Waypoint

A Question of Perception — Talking Autonomous Robot Navigation with Prof. Davide Scaramuzza

The head of the University of Zurich’s Robotics and Perception Group, Professor Davide Scaramuzza, works at the intersection of computer vision and control—using cutting-edge sensors and algorithms to help terrestrial and flying robots (and, possibly, future spaceships) navigate 100% autonomously. Waypoint caught up with him to learn more.

Hello professor, why don’t you start by telling us a little about yourself?

Sure. I am Assistant Professor of Robotics at the University of Zurich, where I lead the Robotics and Perception Group (RPG). This group is currently made up of 12 people, all with engineering and science backgrounds. I got my PhD at ETH under the supervision of Roland Siegwart and a postdoc at the University of Pennsylvania, under the supervision of Kostas Daniilidis and Vijay Kumar.

From 2009 to 2012, I led the European project SFLY, which introduced the world’s first autonomous navigation of micro quadrotors in GPS-denied environments, using vision as the main sensor modality.

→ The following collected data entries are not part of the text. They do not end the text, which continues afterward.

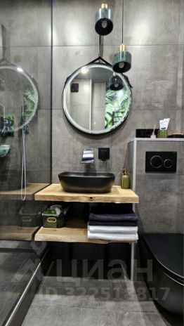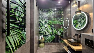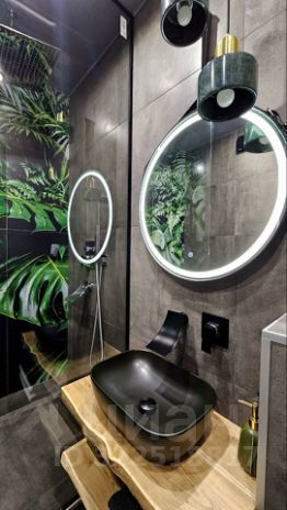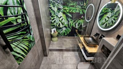 - Ванная комната оборудована просторной душевой кабиной и большой лейкой с тропическим душем. Панно с растительным рисунком - печать на керамограните по индивидуальному заказу, которое гармонично сочетается с подвесными светильниками из натурального мрамора изумрудного цвета. Так же для комфортного проживания предусмотрены электрический полотенцесушитель и проточный водонагреватель.
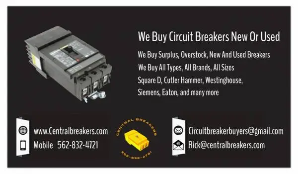 we buy Surplus, Overstock, New & Used Breakers. We Buy All Types, All Brands, Any Condition. Square D, Cutler Hammer, WestinHouse, Siemans, and many more. For more information Please contact us Or visit www.centralbreakers.com
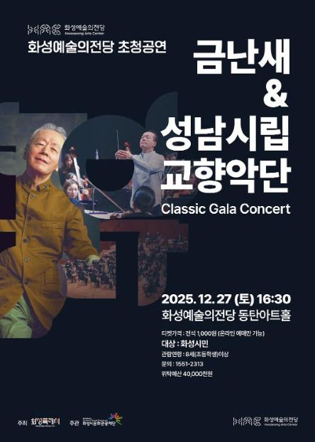 화성특례시는 오는 27일 오후 4시 30분 화성예술의전당 동탄아트홀에서 ‘금난새&성남시립교향악단’ 초청 공연을 개최한다고 5일 밝혔다.
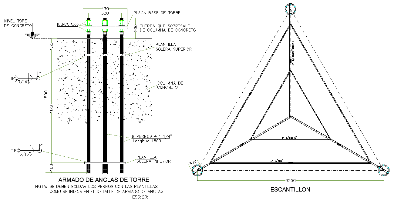 Armed tower anchors plan and section layout file, dimension detail, naming detail, reinforcement detail, concert mortar detail, etc.
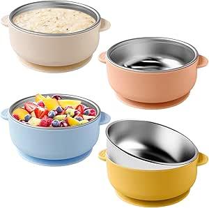 Set of 4 Stainless Steel Baby Bowls with Suction Cup, Anti-scald Baby Bowls, Removable Silicone Bowl, Porridge Bowl for Baby Porridge and Porridge, BPA-Free, Leak-Proof for Small Children : Amazon.de: Baby Products

The project involved five research groups across Europe and the popular Pixhawk drone autopilot and Ascending Technologies’ Firefly hexacopter were some of the SFLY’s key outcomes.

UZH_Scaramuzza_Davide®Bruederli_Small
Professor Davide Scaramuzza leads the University of Zurich’s Robotics and Perception Group (RPG), which works at the intersection of computer vision and control. (Photo: Davide Scaramuzza.)

Could you give us a brief overview of RPG’s focus areas?

My main research interest is computer vision, applied to the autonomous navigation of visually-guided ground and micro flying robots. I’m interested in machines that actively move and interact with the environment, driven by visual input.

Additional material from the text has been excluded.